TASK MATERIAL Start Marker

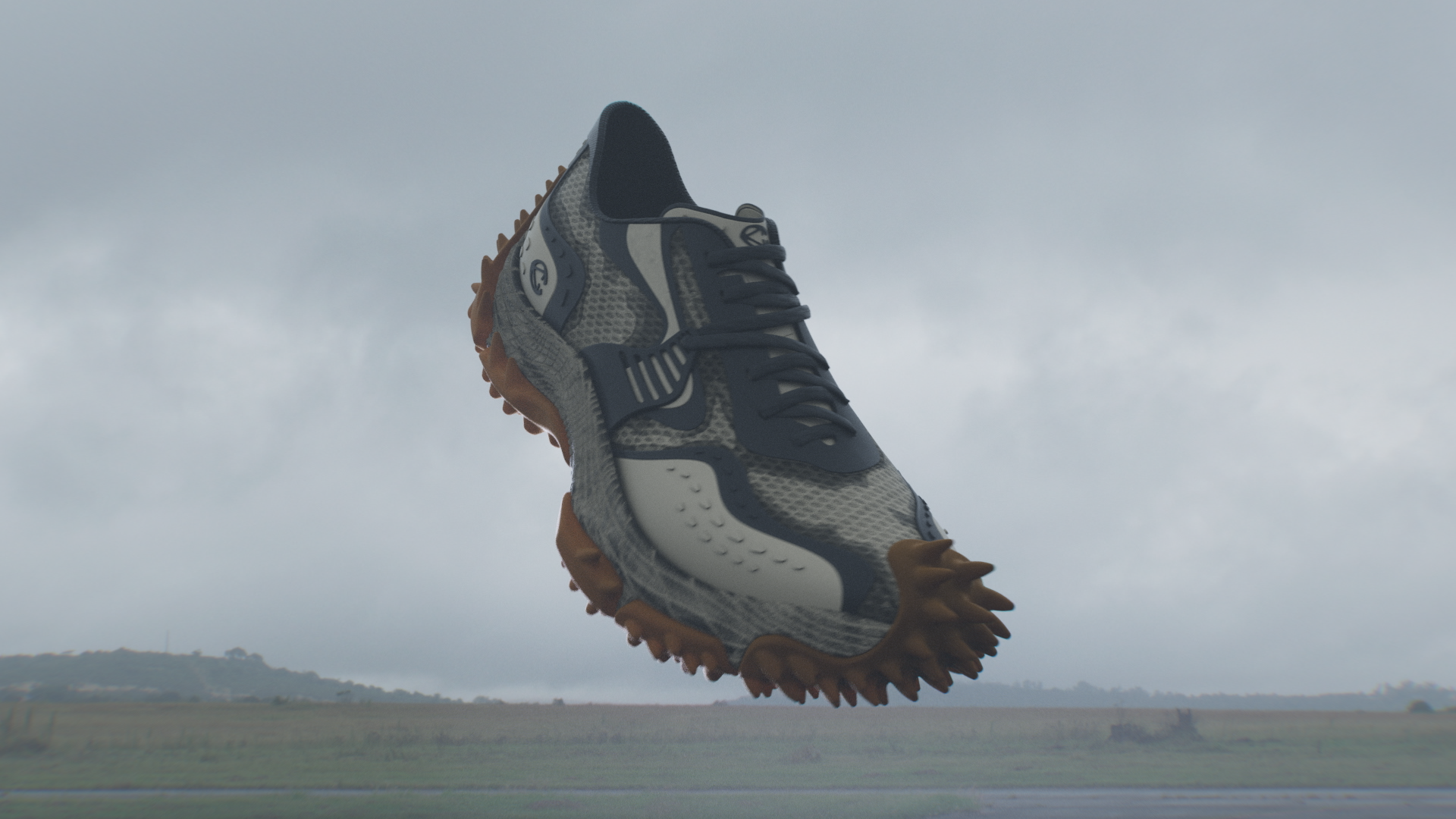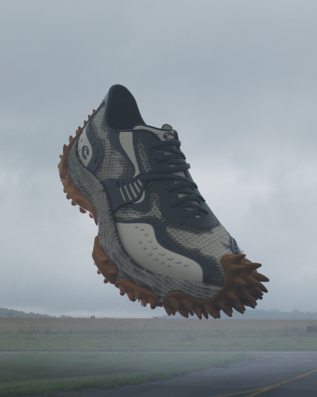 A collision of futuristic form with functional edge, Tornado is defined by a spiked rubber compound spanning the outsole from heel to toe for exceptional grip and traction. A sculptural, reptilian midsole wraps the single-piece KPU-injected upper for durability, with recycled mesh for ventilation.
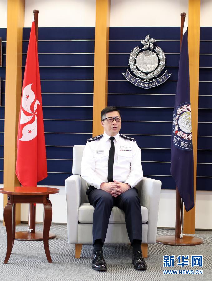 香港警務處處長鄧炳強接受采訪(1月28日攝)。新華社記者 李鋼 攝
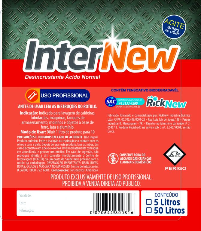 Internew ou Intercap Normal/Limpa Baú - 1 X 10 é um produto que contém tensoativo biodegradável e é usado para lavagem de veículos, chassis, motores, máquinas e instalações industriais, além de equipamentos em geral. É um produto de ação rápida e eficiente, que elimina grande parte da mão-de-obra. Produto ácido, em alta concentração, com ação eficaz contra sujidades inorgânicas. Deve ser aplicado após o agir do Solupan.
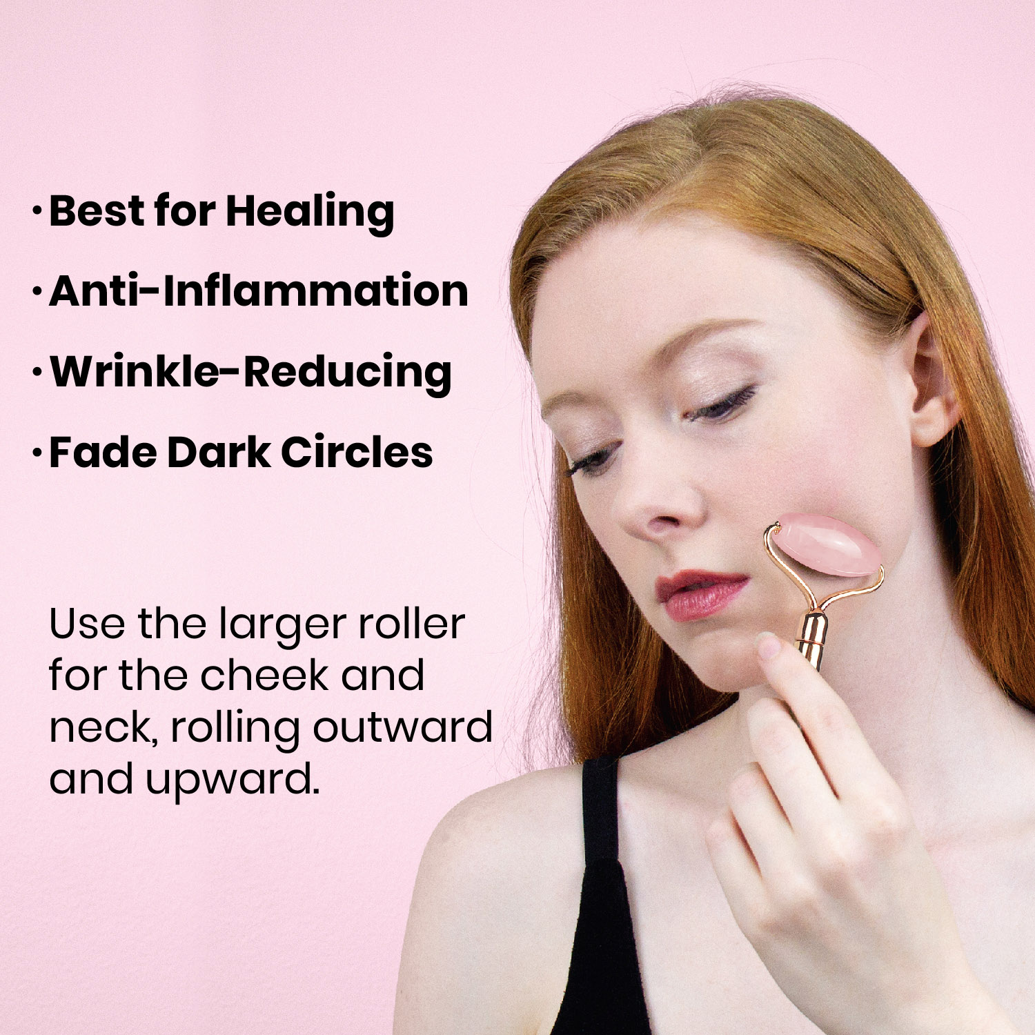 - The natural cooling effect of the rose quartz stone helps alleviate puffiness, wrinkles, and dark circles.
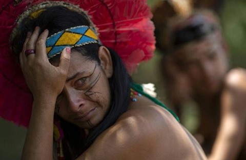 | Une femme de la tribu Pataxó désespérée après la rupture du barrage de Bruamdinho dans le Minas Gerais, le 30 janvier 2019. |
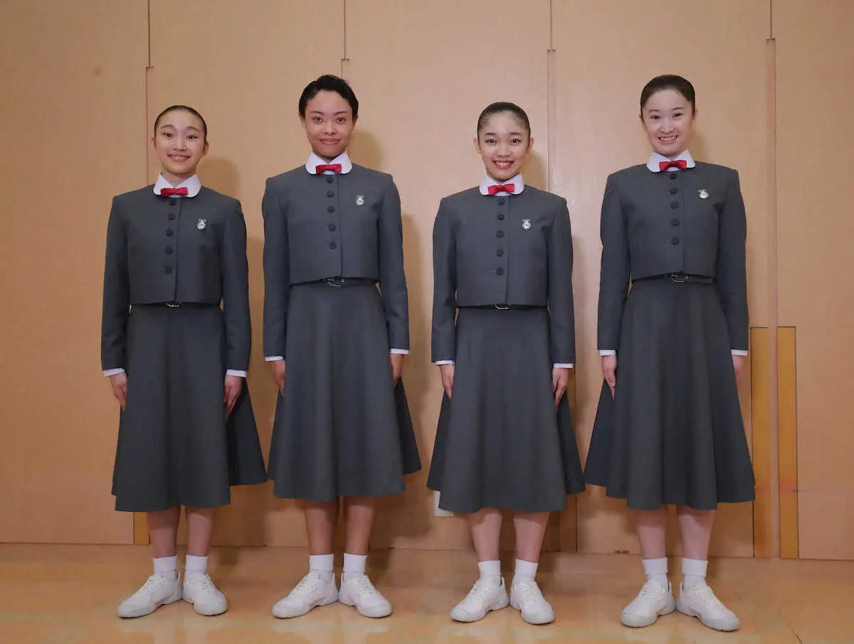 <宝塚音楽学校・入学式> 囲み取材を終え、記念撮影する(左から)佐藤桜耶さん、青木さらさん、松崎瑠璃さん、長谷川佳凜さん (撮影・後藤 大輝)
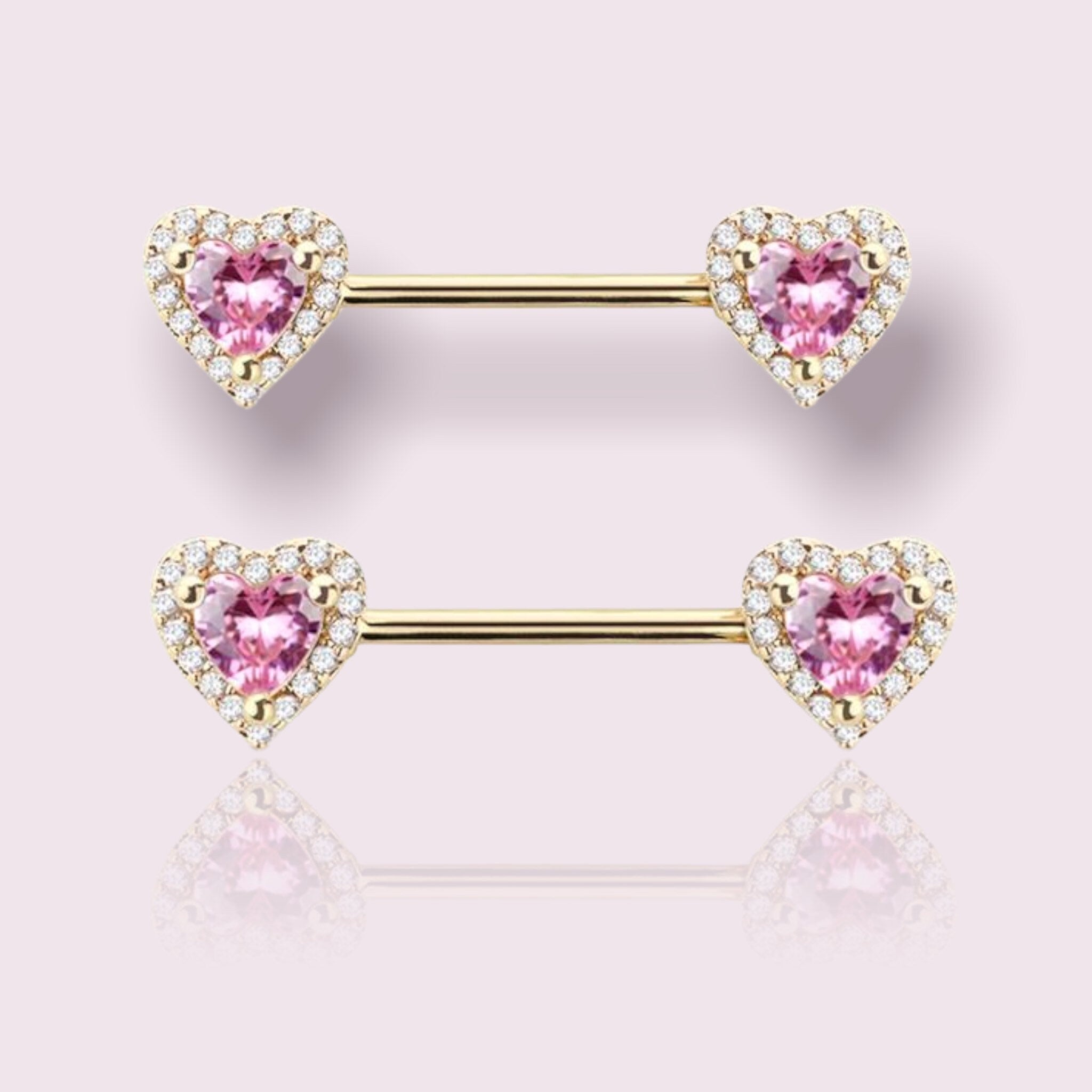 Set of 14g gold pink and clear sparkling gems nipple barbells.

TASK MATERIAL End Marker

WORK ORDER:
Restate the whole listing exactly as written, minus the pictures.

OUTPUT BELOW:
 A collision of futuristic form with functional edge, Tornado is defined by a spiked rubber compound spanning the outsole from heel to toe for exceptional grip and traction. A sculptural, reptilian midsole wraps the single-piece KPU-injected upper for durability, with recycled mesh for ventilation.
 香港警務處處長鄧炳強接受采訪(1月28日攝)。新華社記者 李鋼 攝
 Internew ou Intercap Normal/Limpa Baú - 1 X 10 é um produto que contém tensoativo biodegradável e é usado para lavagem de veículos, chassis, motores, máquinas e instalações industriais, além de equipamentos em geral. É um produto de ação rápida e eficiente, que elimina grande parte da mão-de-obra. Produto ácido, em alta concentração, com ação eficaz contra sujidades inorgânicas. Deve ser aplicado após o agir do Solupan.
 - The natural cooling effect of the rose quartz stone helps alleviate puffiness, wrinkles, and dark circles.
 | Une femme de la tribu Pataxó désespérée après la rupture du barrage de Bruamdinho dans le Minas Gerais, le 30 janvier 2019. |
 <宝塚音楽学校・入学式> 囲み取材を終え、記念撮影する(左から)佐藤桜耶さん、青木さらさん、松崎瑠璃さん、長谷川佳凜さん (撮影・後藤 大輝)
 Set of 14g gold pink and clear sparkling gems nipple barbells.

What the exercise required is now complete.